Studying physics taught me that curiosity is a virtue, that asking questions is vital. I may not have continued on into a career in the lab, but I hope I never stop wondering, never stop asking questions.

Thank you so much for having me on your blog and asking me questions!



Next stop on the Virtual Book Tour: Nov 18th, Sue Guiney's Blog

Previous stops on the tour: Literary Minded
, Keeper of the Snails

For more information about Tania's Walking the White Road Virtual book tour, visit HERE!

6 comments:

Clare Dudman said...

Very interesting interview - questions and answers...excellent weirdness (and I mean that as a compliment!)

Tania Hershman said...

Excellent weirdness - what an excellent comment!
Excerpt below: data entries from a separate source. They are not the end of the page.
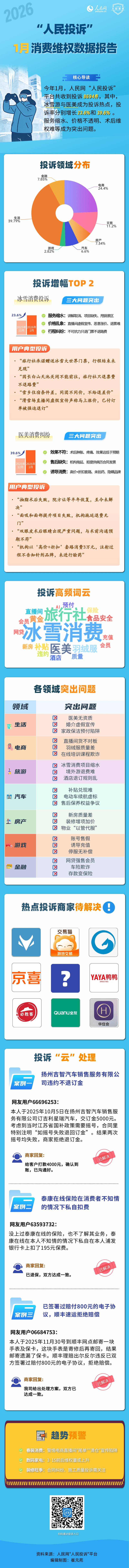 人民網(wǎng)“人民投訴”發(fā)布2026年1月消費維權(quán)數(shù)據(jù)報告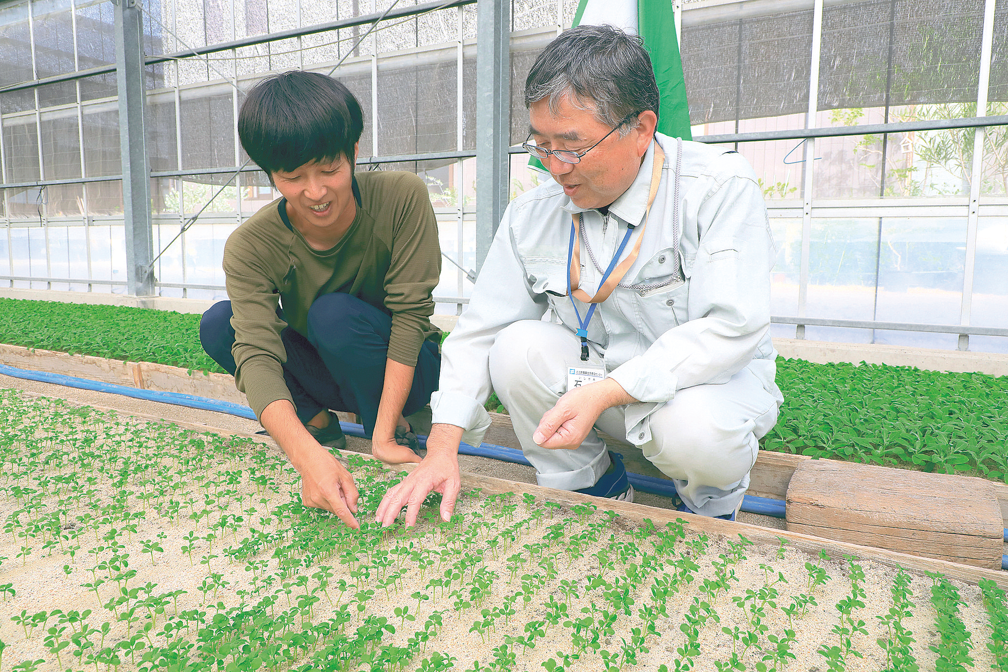 農業改良普及センター職員は、農家を巡回し、相談や指導に当たります(右側が石上さん)。
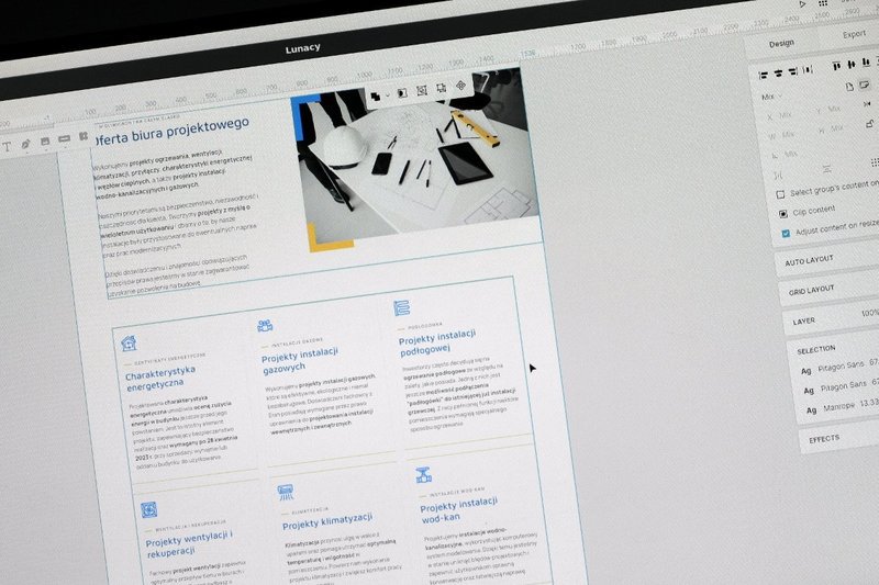 W oparciu o zaakceptowane makiety tworzymy projekt graficzny strony, zgodny z identyfikacją wizualną przedsiębiorstwa. Projekt graficzny nie obejmuje jeszcze składników interaktywnych, jest to statyczny plik graficzny (JPG). Po jego zaaprobowaniu przechodzimy do budowy szablonów HTML/CSS, wykorzystując najnowocześniejsze technologie, takie jak CSS Grid, co umożliwia nam na bieżąco stosowanie nowoczesnych technologii.

Thanks for stopping by, Clare. It's fun, this virtual touring!

Sarah Hilary said...

Thanks for this, Vanessa, and Tania. It never fails to astound me, Tania, how you started at a point where I feel no empathy or understanding (I'm talking about science at which I was and am a dunce) and from there wove such wonderful words and stories for which I feel SUCH a connection. Astounding.

Lynne and Sarah said...

This is a great piece, Vanessa and Tania. Thank you. I love that quote about the imagination as a muscle, and used it in my creative writing class this morning! Plaits is a good story - one of my favourites in the collection.

Tania Hershman said...

Sarah, thank you, that means a lot to me, connection is what I guess we are all striving for with this.

Lynne and Sarah (which one of you??), how lovely that I have already been quoted! Thank you!

Debi said...

That weaving together of science and fiction (though not science fiction) reminds me a bit of Primo Levi.

Like Sarah Hilary, my knowledge of science is sketchy at best, but you (and Clare BTW) have a way of drawing in the most science-challenged of readers and making the subject appear fascinating and packed with potential.